I think flush() and close() can be called during configureStreams() call.
I think it is mandatory to have a lock at least somewhere in
process_capture_request(). If we don't enclose
process_capture_request() by lock, handling flush() and concurrent
process_capture_request() might become a bit complicated (though I can
still do it, I actually implemented so initially but discarded because
of the complexity).

> >
> >       if (stream_list->num_streams == 0) {
> >               LOG(HAL, Error) << "No streams in configuration";
> > @@ -1661,6 +1675,9 @@ int CameraDevice::configureStreams(camera3_stream_configuration_t *stream_list)
> >               return -EINVAL;
> >  #endif
> >
> > +     /* Before any configuration attempt, stop the camera. */
> > +     stop();
> > +
> >       /*
> >        * Generate an empty configuration, and construct a StreamConfiguration
> >        * for each camera3_stream to add to it.
> > @@ -1672,11 +1689,10 @@ int CameraDevice::configureStreams(camera3_stream_configuration_t *stream_list)
> >       }
> >
> >       /*
> > -      * Clear and remove any existing configuration from previous calls, and
> > -      * ensure the required entries are available without further
> > +      * Ensure the required entries are available without further
> >        * reallocation.
> >        */
> > -     streams_.clear();
> > +     ASSERT(streams_.empty());
> >       streams_.reserve(stream_list->num_streams);
> >
> >       std::vector<Camera3StreamConfig> streamConfigs;
> > @@ -1912,6 +1928,8 @@ int CameraDevice::processCaptureRequest(camera3_capture_request_t *camera3Reques
> >       if (!isValidRequest(camera3Request))
> >               return -EINVAL;
> >
> > +     std::scoped_lock<std::mutex> lock(mutex_);
> > +
> >       /* Start the camera if that's the first request we handle. */
> >       if (!running_) {
> >               worker_.start();
> > @@ -2015,33 +2033,31 @@ int CameraDevice::processCaptureRequest(camera3_capture_request_t *camera3Reques
> >
> >       worker_.queueRequest(descriptor.request_.get());
> >
> > -     {
> > -             std::scoped_lock<std::mutex> lock(mutex_);
> > -             descriptors_[descriptor.request_->cookie()] = std::move(descriptor);
> > -     }
> > +     descriptors_[descriptor.request_->cookie()] = std::move(descriptor);
> >
> >       return 0;
> >  }
> >
> >  void CameraDevice::requestComplete(Request *request)
> >  {
> > +     if (stopping_)
> > +             return;
> > +
> > +     std::scoped_lock<std::mutex> lock(mutex_);
>
> The requestComplete signal is emitted from the CameraManager thread, and
> must not block for a large amount of time.
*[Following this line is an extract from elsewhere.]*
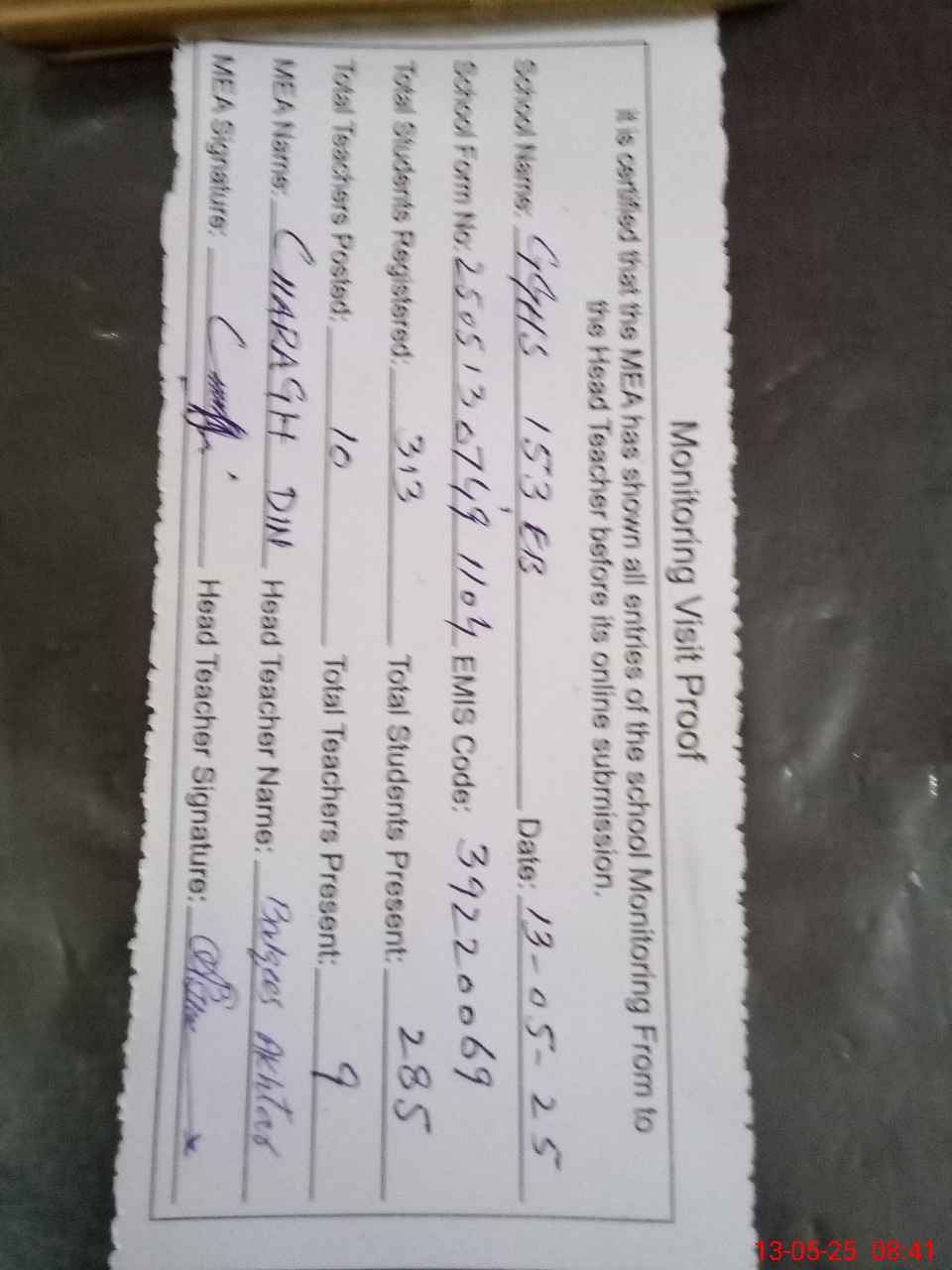 | Attendance Register | Head Teacher | MEA with School | Visit Proof |

We already lock the mutex_ in
> this function, but we currently use the mutex_ only to protect
> descriptors_, which should never block for long. Extending mutex_ to
> serialize the Camera calls is dangerous. Could we implement better
> locking ? I think the first step would be to clearly explain what races
> we need to handle, as mentioned above in the review of the commit
> message. Race conditions are tricky to handle right, proper
> documentation is a key.
>
> I know we already have issues with JPEG compression that is performed
> synchronously in this function. This needs to be fixed, but let's not
> make it worse and introduce another issue that will then need to be
> fixed too.
>

I agree.
Since requestComplete() doesn't have to be serialized with HAL
functions, we don't need to have a lock from begin to end.
My first thought is coarse lock is a good first step as fine lock
might make the code complicated.
I will next try a fine lock in this function.

-Hiro

> > +
> >       const Request::BufferMap &buffers = request->buffers();
> >       camera3_buffer_status status = CAMERA3_BUFFER_STATUS_OK;
> >       std::unique_ptr<CameraMetadata> resultMetadata;
> >
> > -     decltype(descriptors_)::node_type node;
> > -     {
> > -             std::scoped_lock<std::mutex> lock(mutex_);
> > -             auto it = descriptors_.find(request->cookie());
> > -             if (it == descriptors_.end()) {
> > -                     LOG(HAL, Fatal)
> > -                             << "Unknown request: " << request->cookie();
> > -                     status = CAMERA3_BUFFER_STATUS_ERROR;
> > -                     return;
> > -             }
> > -
> > -             node = descriptors_.extract(it);
> > +     auto it = descriptors_.find(request->cookie());
> > +     if (it == descriptors_.end()) {
> > +             LOG(HAL, Debug)
> > +                     << "Unknown request: " << request->cookie();
> > +             status = CAMERA3_BUFFER_STATUS_ERROR;
> > +             return;
> >       }
> > +
> > +     auto node = descriptors_.extract(it);
> >       Camera3RequestDescriptor &descriptor = node.mapped();
> >
> >       if (request->status() != Request::RequestComplete) {
> > diff --git a/src/android/camera_device.h b/src/android/camera_device.h
> > index c63e8e21..08553584 100644
> > --- a/src/android/camera_device.h
> > +++ b/src/android/camera_device.h
> > @@ -88,7 +88,7 @@ private:
> >               int androidFormat;
> >       };
> >
> > -     void stop();
> > +     void stop(bool releaseCamera = false);
> >
> >       int initializeStreamConfigurations();
> >       std::vector<libcamera::Size>
> > @@ -127,7 +127,12 @@ private:
> >       std::map<int, libcamera::PixelFormat> formatsMap_;
> >       std::vector<CameraStream> streams_;
> >
> > -     std::mutex mutex_; /* Protect descriptors_ */
> > +     /*
> > +      * Protect descriptors_ and camera_, and also avoid races by concurrent
> > +      * Camera HAL API calls.
> > +      */
> > +     std::mutex mutex_;
> > +     std::atomic_bool stopping_;
> >       std::map<uint64_t, Camera3RequestDescriptor> descriptors_;
> >
> >       std::string maker_;
>
> --
> Regards,
>
> Laurent Pinchart